We trained and tested both approaches (A and B) on both stages (1 and 2) to design an end-to-end sequence processing method that removes unreliable sequences (Sec. “First stage: data cleaning”) and distinguishes between sequences labeled tank-treading featuring highly deformable RBC and the ones labeled flipping featuring poorly deformable RBC (Sec. “Second stage: Cell characterization”). First, we describe those 2 model architectures, and then in Sec. ‘Protocols and experiments’ we present their results.

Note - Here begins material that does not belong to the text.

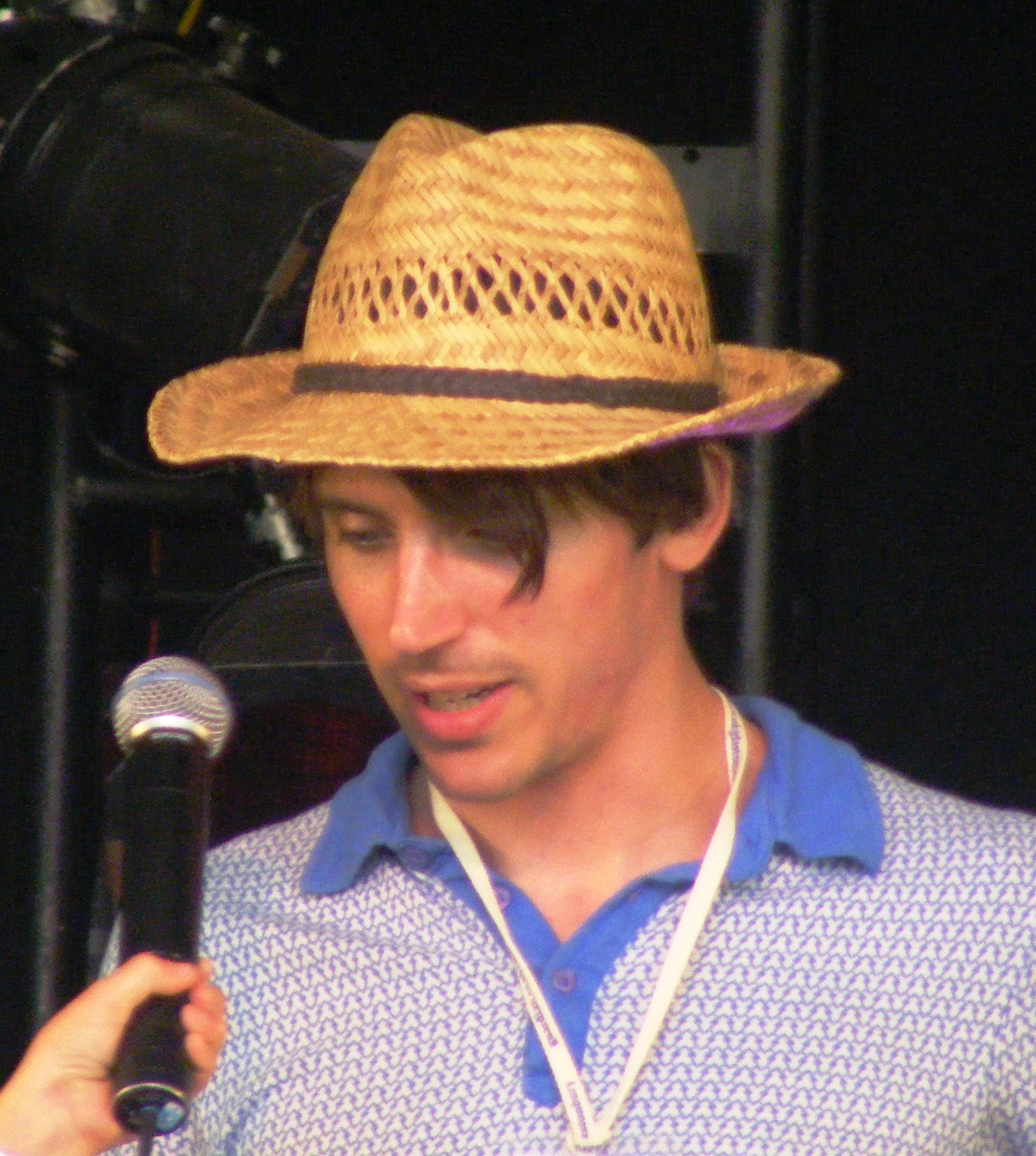 Ed Petrie on the Blazing Saddles stage at the 2010 Glastonbury Festival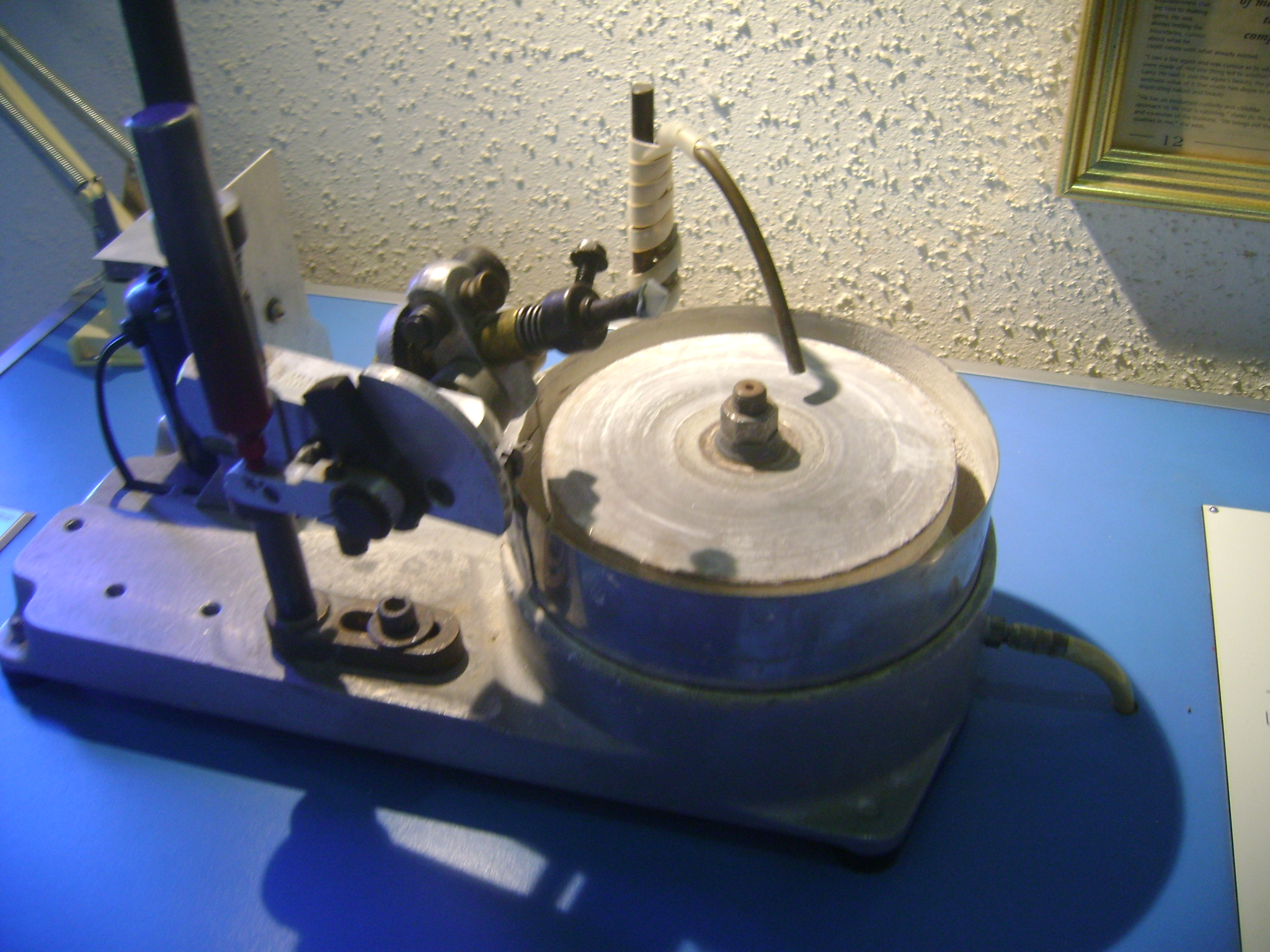 Faceting machine at Shelby Gem Factory

Approach A: Fixed-size convolutional neural networks

After resizing the sequences to the fixed number K of frames, we train a CNN model with the number of input channels equal to K. Usually, CNNs are used on images with multiple color channels (such as Red, Green, Blue) whose shapes are (N_channels, height, width). Since we are dealing with grayscale images (with only one channel), we propose to use the channel dimension to embed the temporal dimension of the data: the first channel is used for the first image of the sequence and so on (see Figure 2).

Figure 2
figure 2

The overall 2-stage classification pipeline (a) and the two deep learning approaches developed and compared for both first and second stages (b,c).

Padding Sequences Lengths. The preprocessed sequences are equal or shorter than K. To get only sequences of size exactly K, we pad sequences of length smaller than K with black images placed at the end of the sequence to obtain sequences of length exactly K.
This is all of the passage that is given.